У Эхе зашевелились волосы на голове.

– Бедные дети! – сказал он. – Мне нужен один мальчик, которого вчера сюда дали вам!

– Это Мишутку тебе! – хором воскликнули мальчики. – Вон он в углу лежит. Огневица с ним. Мишутка, за тобой добрый дядя пришел!

Но из угла никто не отозвался на этот оклик.

Эхе подошел с лучиною к углу и увидел на соломе раскинувшегося в жару того мальчика, которого вчера вечером привел скоморох к Федьке Беспалому. Он быстро нагнулся и поднял его на свои сильные руки.

Он собирался уже уходить, но в этот момент новая мысль мелькнула у него.
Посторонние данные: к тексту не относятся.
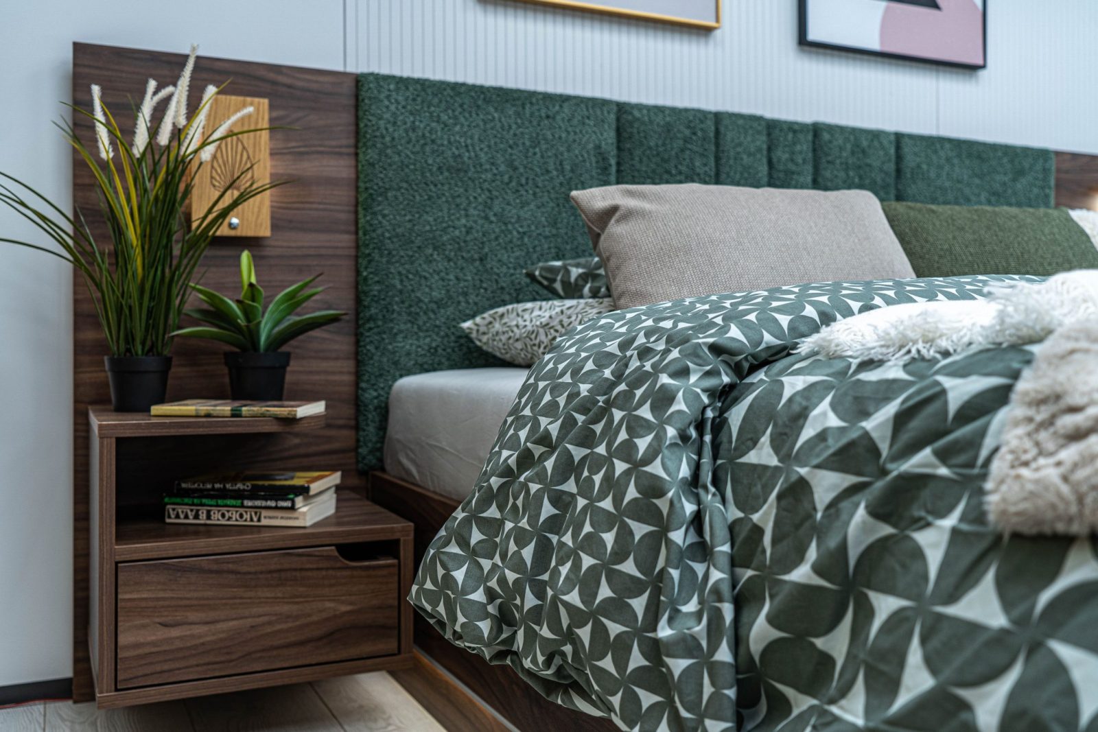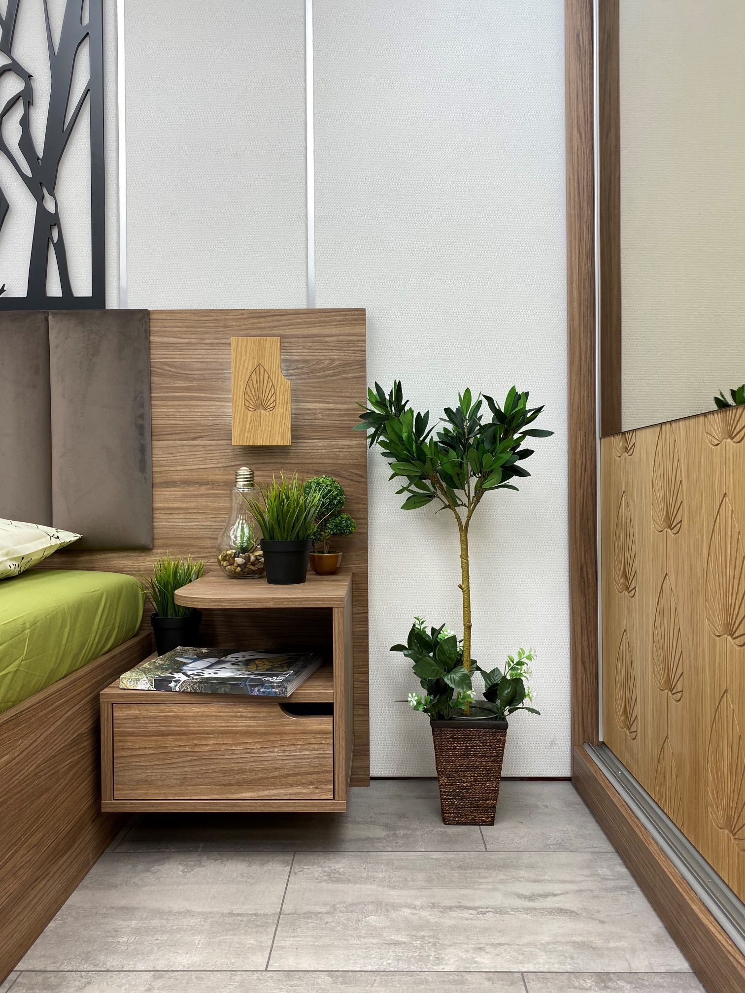 Нощно шкафче: Вградени нощни шкафчета в таблата на леглото – състоящи се от чекмедне с рафт и ниша – заработен захват в челото – тип на отваряне – без дръжка, система скрити водачи Quadro Hettich – плавно затваряне – 2 бр.

– Слушай! – сказал он всем. – Я не могу взять вас всех с собой, но вы одни и дверь открыта. Не бегите через двор, там пьяные, а бегите через забор и вон! Ведь лучше, чем здесь!

Безногий мальчик застонал от скорби и ужаса, но Эхе тотчас услыхал бойкий голос другого мальчика:

– Не бойся, Сухоног, я возьму тебя на плечи и выволоку. Будем жить вместе… Лазаря мы петь горазды.

Маленькие тени друг за другом стали выходить из дверей и крались через сад. Здоровый мальчуган лет тринадцати пронес на плечах Сухонога и скрылся. Эхе дождался, пока не ушли все до последнего, и, бережно взяв больного мальчика на руку, с ножом в другой двинулся из сада. Он не знал другой дороги, как через двор, и решился идти по ней.

В это время пьяные крики перешли в дикий рев. Эхе увидел огоньки, зайцем пробежавшие по мховым стенам избы, и вдруг зарево осветило сад, двор и ватагу пьяных людей, с диким ревом глядевших на Федьку Беспалого, который метался, как безумный, то подбегая к горящему зданию, то отскакивая от него.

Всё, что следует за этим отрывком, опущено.